Search code examples
c#iotask-parallel-library

Nested Parallel.For() loops and file creation problems


I've been investigating TPL as means of quickly generating a large volume of files - I have about 10 million rows in a database, events which belong to patients, which I want to output into their own text file, in the location d:\EVENTS\PATIENTID\EVENTID.txt

I'm using a two nested Parallel.ForEach loops - the outer in which a list of patients is retrieved and the inner in which the events for a patient are retrieved and written to a file.

This is the code I'm using, it's pretty rough at the moment, as I'm just trying to get things working.

DataSet1TableAdapters.GetPatientsTableAdapter ta = new DataSet1TableAdapters.GetPatientsTableAdapter();
List<DataSet1.GetPatientsRow> Pats = ta.GetData().ToList();

List<DataSet1.GetPatientEventsRow> events = null;

string patientDir = null;

System.IO.DirectoryInfo di = new DirectoryInfo(txtAllEventsPath.Text);
di.GetDirectories().AsParallel().ForAll((f) => f.Delete(true));

//get at the patients
Parallel.ForEach(Pats
        , new ParallelOptions() { MaxDegreeOfParallelism = 8 }
        , patient =>
{
    patientDir = "D:\\Events\\" + patient.patientID.ToString();

    //Output directory
    Directory.CreateDirectory(patientDir);
    events = new DataSet1TableAdapters.GetPatientEventsTableAdapter().GetData(patient.patientID).ToList();


    if (Directory.Exists(patientDir))
    {
        Parallel.ForEach(events.AsEnumerable()
            , new ParallelOptions() { MaxDegreeOfParallelism = 8 }
            , ev =>
            {
                List<DataSet1.GetAllEventRow> anEvent = 
                    new DataSet1TableAdapters.GetAllEventTableAdapter();    

                File.WriteAllText(patientDir + "\\" + ev.EventID.ToString() + ".txt", ev.EventData);
            });
    }

});

The code I have produced works very quickly but produces an error after a few seconds (in which about 6,000 files are produced). The error produced is one of two types:

DirectoryNotFoundException: Could not find a part of the path 'D:\Events\PATIENTID\EVENTID.txt'.
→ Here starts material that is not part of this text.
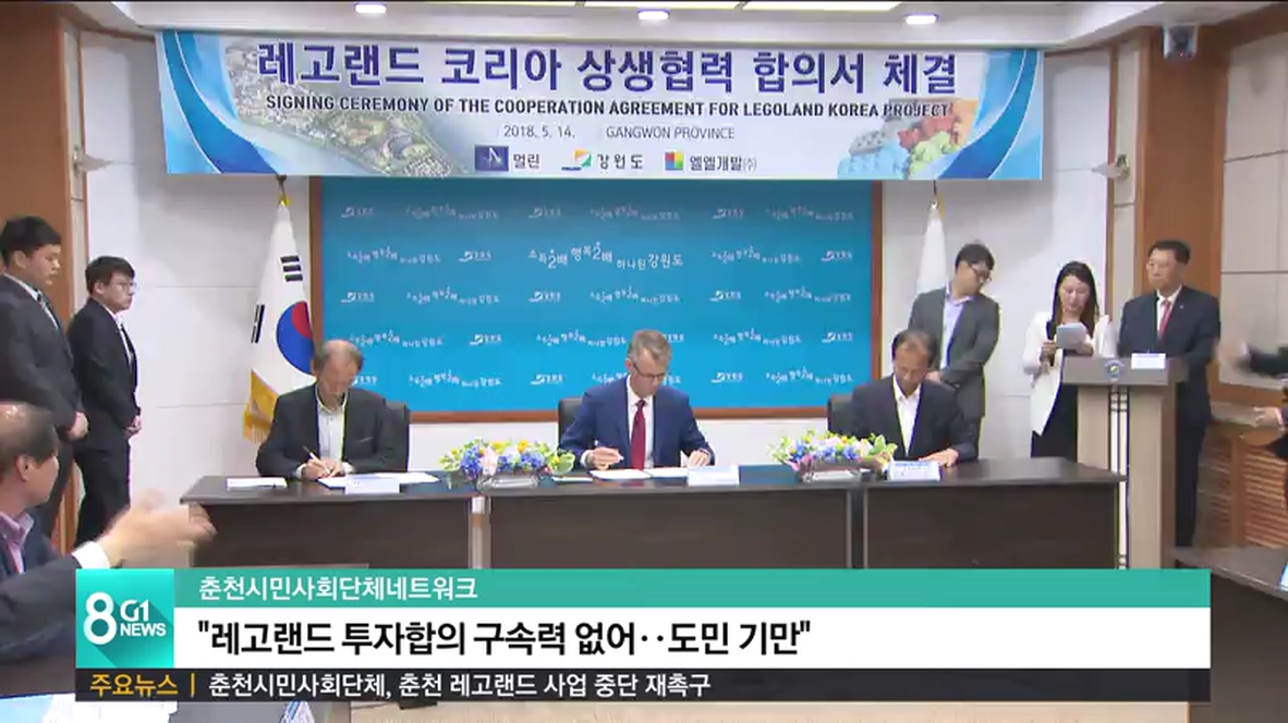 춘천시민사회단체네트워크는 성명을 내고, "강원도와 멀린의 합의서는 멀린의 책임이 아닌 협력강화에 방점이 찍혀 있다"며 "멀린이 구체적 투자계획을 밝힌 바가 없는 만큼 선거용 책임회피"라고 주장했습니다.

Whenever this error is produced, the directory structure D:\Events\PATIENTID\ exists, as other files have been created within that directory. An if condition checks for the existence of D:\Events\PATIENTID\ before the second loop is entered.

The process cannot access the file 'D:\Events\PATIENTID\EVENTID.txt' because it is being used by another process.

When this error occurs, sometimes the indicated file exists or doesn't.

So, can anyone of any advice as to why these errors are being produced. I don't understand either, and as far I can see, it should just work (and indeed does, for a short while).


Solution

  • From MSDN:

    Use the Parallel Loop pattern when you need to perform the same independent operation for each element of a collection or for a fixed number of iterations. The steps of a loop are independent if they don't write to memory locations or files that are read by other steps.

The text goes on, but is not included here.